* [What you will do]:
Print nothing beyond the line with "Vitrína 4 za": every line from the beginning of the data up to it, that line included, and no pictures.

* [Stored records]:
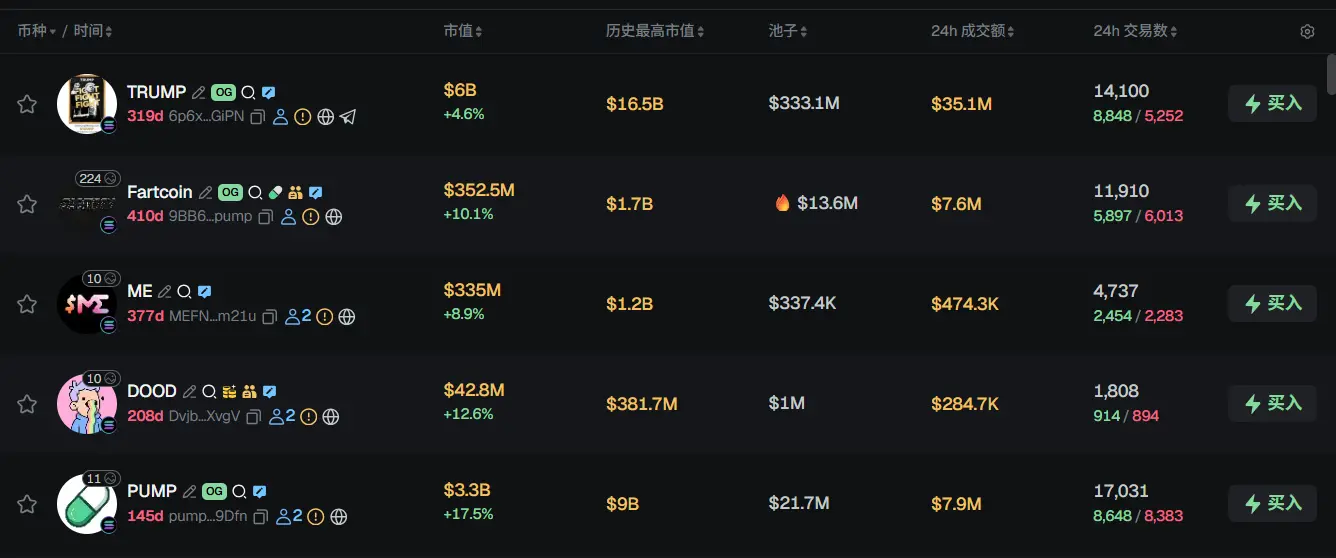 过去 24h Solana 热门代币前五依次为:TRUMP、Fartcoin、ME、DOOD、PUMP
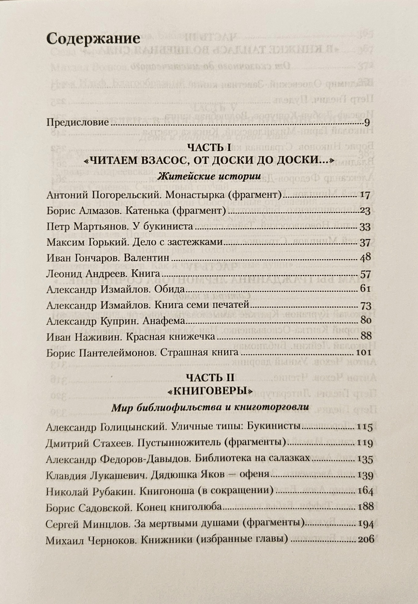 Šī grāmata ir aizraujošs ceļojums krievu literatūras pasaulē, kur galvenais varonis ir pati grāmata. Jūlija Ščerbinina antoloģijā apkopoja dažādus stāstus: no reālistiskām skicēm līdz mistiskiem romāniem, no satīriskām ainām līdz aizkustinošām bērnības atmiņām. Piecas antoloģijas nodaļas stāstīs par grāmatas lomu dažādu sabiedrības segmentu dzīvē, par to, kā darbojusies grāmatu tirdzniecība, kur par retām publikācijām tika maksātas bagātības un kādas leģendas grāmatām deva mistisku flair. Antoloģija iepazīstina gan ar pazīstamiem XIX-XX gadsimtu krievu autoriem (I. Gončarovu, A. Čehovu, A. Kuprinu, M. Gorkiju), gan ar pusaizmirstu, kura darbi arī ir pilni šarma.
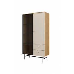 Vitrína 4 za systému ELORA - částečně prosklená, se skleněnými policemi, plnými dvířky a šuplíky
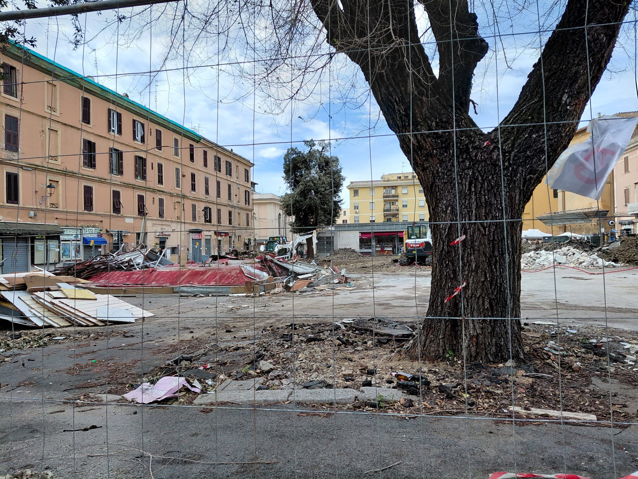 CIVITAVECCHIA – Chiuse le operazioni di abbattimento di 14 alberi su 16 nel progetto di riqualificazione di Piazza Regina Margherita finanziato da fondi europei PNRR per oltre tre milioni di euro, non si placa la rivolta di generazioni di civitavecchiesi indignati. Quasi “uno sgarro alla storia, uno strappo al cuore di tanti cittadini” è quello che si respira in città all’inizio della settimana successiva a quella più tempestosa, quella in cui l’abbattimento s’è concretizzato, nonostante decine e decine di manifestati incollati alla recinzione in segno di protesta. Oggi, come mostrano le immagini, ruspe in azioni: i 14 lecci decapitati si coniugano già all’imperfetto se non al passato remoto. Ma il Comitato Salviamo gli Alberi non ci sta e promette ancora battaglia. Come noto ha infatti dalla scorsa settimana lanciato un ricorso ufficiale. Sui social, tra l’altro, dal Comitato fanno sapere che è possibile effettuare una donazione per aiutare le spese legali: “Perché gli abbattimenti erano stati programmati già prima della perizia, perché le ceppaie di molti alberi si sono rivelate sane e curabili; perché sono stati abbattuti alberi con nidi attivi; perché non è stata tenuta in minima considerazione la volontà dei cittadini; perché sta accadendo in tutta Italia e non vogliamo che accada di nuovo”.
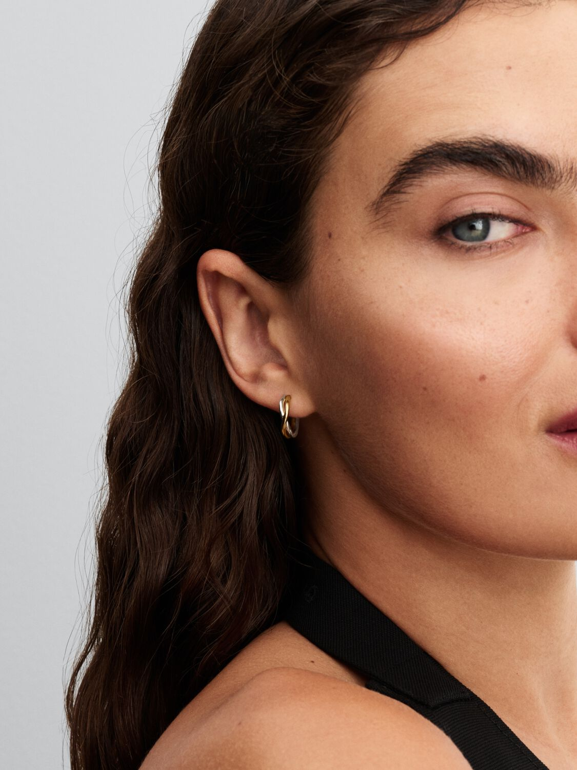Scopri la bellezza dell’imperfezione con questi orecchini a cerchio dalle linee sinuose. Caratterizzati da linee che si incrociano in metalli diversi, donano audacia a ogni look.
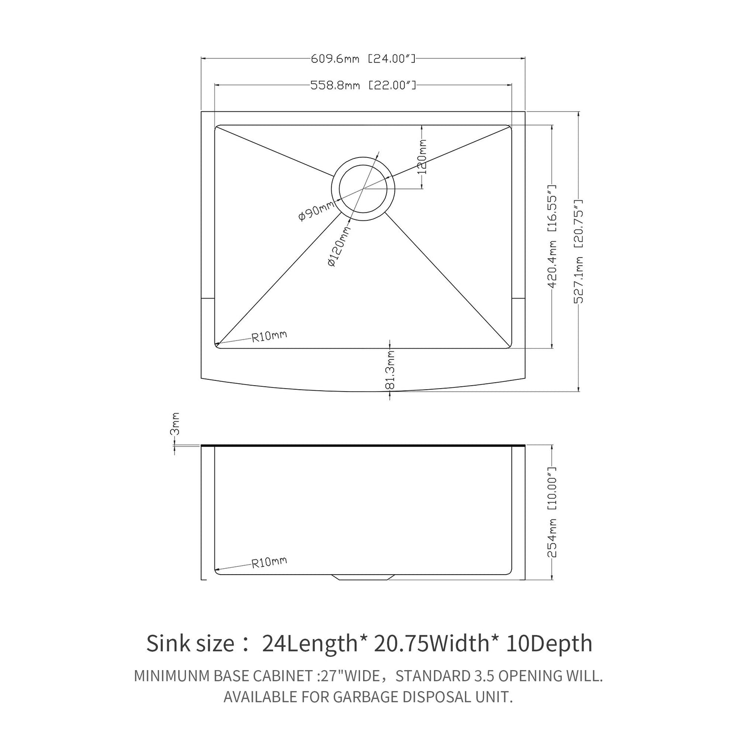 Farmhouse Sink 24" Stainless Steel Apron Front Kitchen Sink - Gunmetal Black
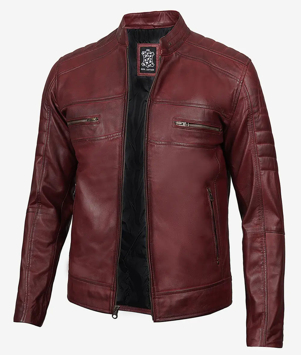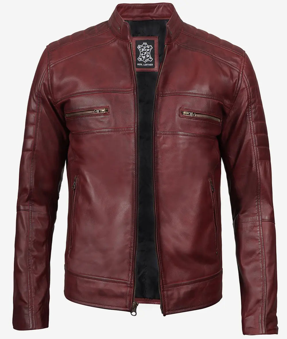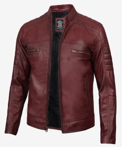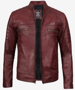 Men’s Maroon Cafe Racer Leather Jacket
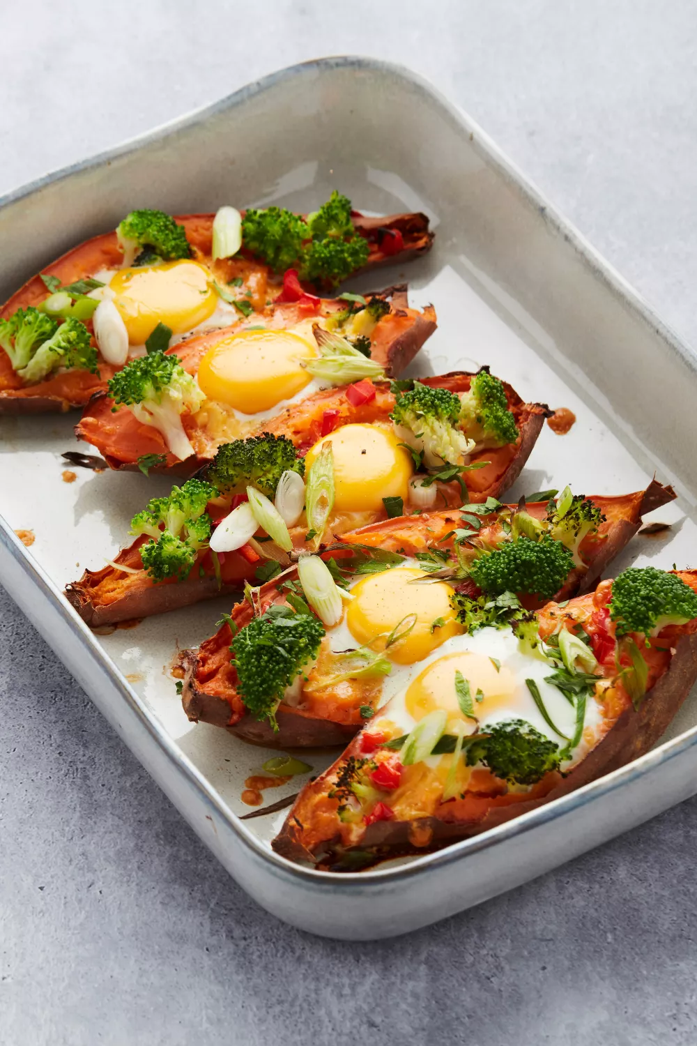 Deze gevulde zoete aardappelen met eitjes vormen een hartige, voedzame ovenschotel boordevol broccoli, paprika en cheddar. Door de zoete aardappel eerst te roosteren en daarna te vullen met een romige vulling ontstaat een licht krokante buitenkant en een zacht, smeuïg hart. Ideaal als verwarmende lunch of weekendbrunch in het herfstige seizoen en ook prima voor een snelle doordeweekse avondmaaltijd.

* [Answer space]:
 过去 24h Solana 热门代币前五依次为:TRUMP、Fartcoin、ME、DOOD、PUMP
 Šī grāmata ir aizraujošs ceļojums krievu literatūras pasaulē, kur galvenais varonis ir pati grāmata. Jūlija Ščerbinina antoloģijā apkopoja dažādus stāstus: no reālistiskām skicēm līdz mistiskiem romāniem, no satīriskām ainām līdz aizkustinošām bērnības atmiņām. Piecas antoloģijas nodaļas stāstīs par grāmatas lomu dažādu sabiedrības segmentu dzīvē, par to, kā darbojusies grāmatu tirdzniecība, kur par retām publikācijām tika maksātas bagātības un kādas leģendas grāmatām deva mistisku flair. Antoloģija iepazīstina gan ar pazīstamiem XIX-XX gadsimtu krievu autoriem (I. Gončarovu, A. Čehovu, A. Kuprinu, M. Gorkiju), gan ar pusaizmirstu, kura darbi arī ir pilni šarma.
 Vitrína 4 za systému ELORA - částečně prosklená, se skleněnými policemi, plnými dvířky a šuplíky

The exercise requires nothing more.